Aurora敏锐地从这句话里听出了什么,可是很快他们就走进了用餐的宴会厅,她没来得及问什么。
阮森的父亲也回来了,他跟自己的两个儿子有点像,又不太像,乍看是位非常温和的绅士,刚从工作场合回来,还穿着深色的细纹西装,一双含情脉脉的眼睛,眼角略有几条鱼尾纹,即使年近五十也依旧有魅力。

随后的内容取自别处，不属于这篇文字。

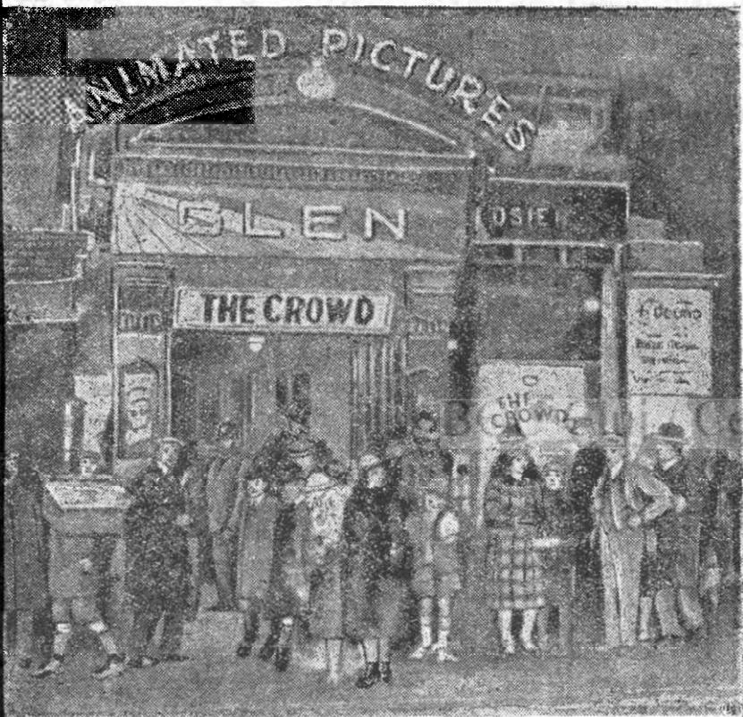
Intrarea în cinematograful cu pricina. Chipul trimis din Anglia, prin telegrafie.

Mare este mirarea și suspect e cazul, că atâtea jafuri după o altă, ziua și noaptea și încă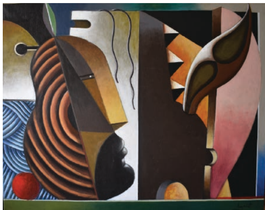
>> Punt de trobada, 2013-2016, 73 x 92 cm, acrílic-tela.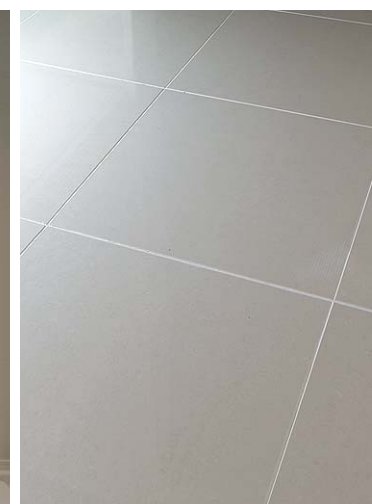
エントランス外装床タイルディテール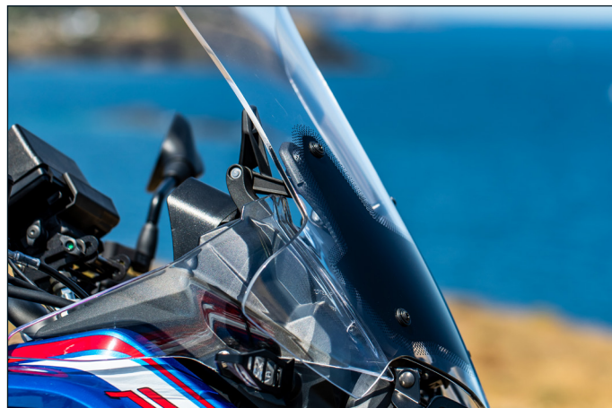
Wunderlich Verkleidungsscheibe »MARATHON« transparent an der BMW F 850 GS Adventure - Art.-Nr.: 43971-001

Die »MARATHON«-Verkleidungsscheibe für die BMW F 850 GS Adventure bietet Wunderlich mit 5 Jahren Garantie in transparent oder rauchgrau zum Preis von 179,90 Euro an.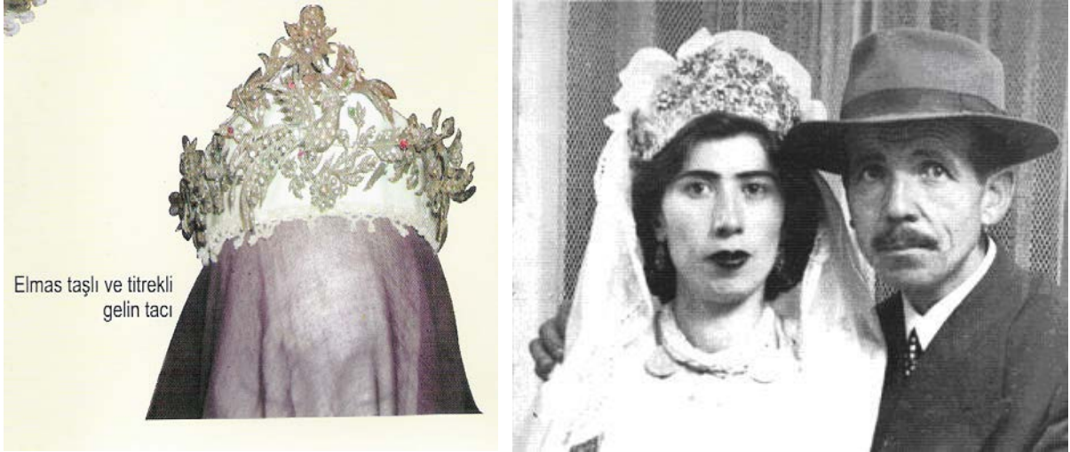
Elmas taşlı ve titrekli gelin tacı

Taçlar resimde görüldüğü gibidir .Ön kısmı üçgen olan bu taçlar, beyaz kumaşla kaplanarak modern manada taç görüntüsü verilmiştir. Üzeri genellikle elmas ve pırlantalar ile süslenmiştir. Özellikle “ yaylı dal ” adı verilen elmas ve gümüşten yapılmış yaka iğneleri (broşlar) bu tacın en önemli süslemelerindendir. Yan kısımlarında altınlar veya gümüş parçaları bulunur. Göze çarpmayan kısmında, genelde arkada olur, nazar boncuğu vardır. Tacın başa gelen kısmı inci veya beyaz boncuklar ile işlenmiştir. “ Titrekli ” diye adlandırılan bu taç, saça tokalar ile tutturulur ve düğünlerde, doğum ve günlerde kaftan ve bindallının üzerine takılır. Son zamanlarda hazırlanan taçların üzerinde akik, gümüş, altın, boncuk gibi aksesuarlar da vardır. Resimde görülen bu taç hemen hemen her gelinin şenlik ve kına gecelerinde giydiği bir aksesuardır. Bu durum özellikle eski elmaslı taçların kiralanması gibi sektör ortaya çıkarmıştır. Köklü ailelere ait çok süslü bu taçlar ve kıyafetler kiralanmakta ve daha sonra -genellikle ertesi gün- iade edilmektedir.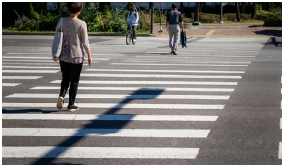
Přechod pro chodce - ilustrační foto.

Připravujeme celkovou rekonstrukci vzduchotechniky ve školní jídelně.

他亲切地对Aurora问好,又看向阮森,想跟儿子拥抱。
可阮森只是拉着Aurora径直掠过,客气又生疏地对父亲点了点头,就算打招呼。
在这个家里,他这个小儿子跟父亲一向关系不好,大家都当没看见。
秦少玉跟谁都话少,但是父亲走过来关心地问她的学业,又询问她最近参与的环保活动,她神色复杂了一瞬,最终却还是认真回答了。
。
一直到这场低调简单,只有家族内部人员的宴会结束,Aurora才算逮到机会跟阮森单独谈话。
她坐在阮森卧室阳台的沙发上,银色的裙子在夜空下如流水一般闪闪发亮,长卷发风情万种,淡棕色的眼睛,叼着一支烟。
她给人的印象一惯是热情外向,大方又爽朗,可是只剩下她跟阮森,她的神色却比平时要内敛得多,美貌不再闪闪发光,眼神里的精明冷静反而透了出来。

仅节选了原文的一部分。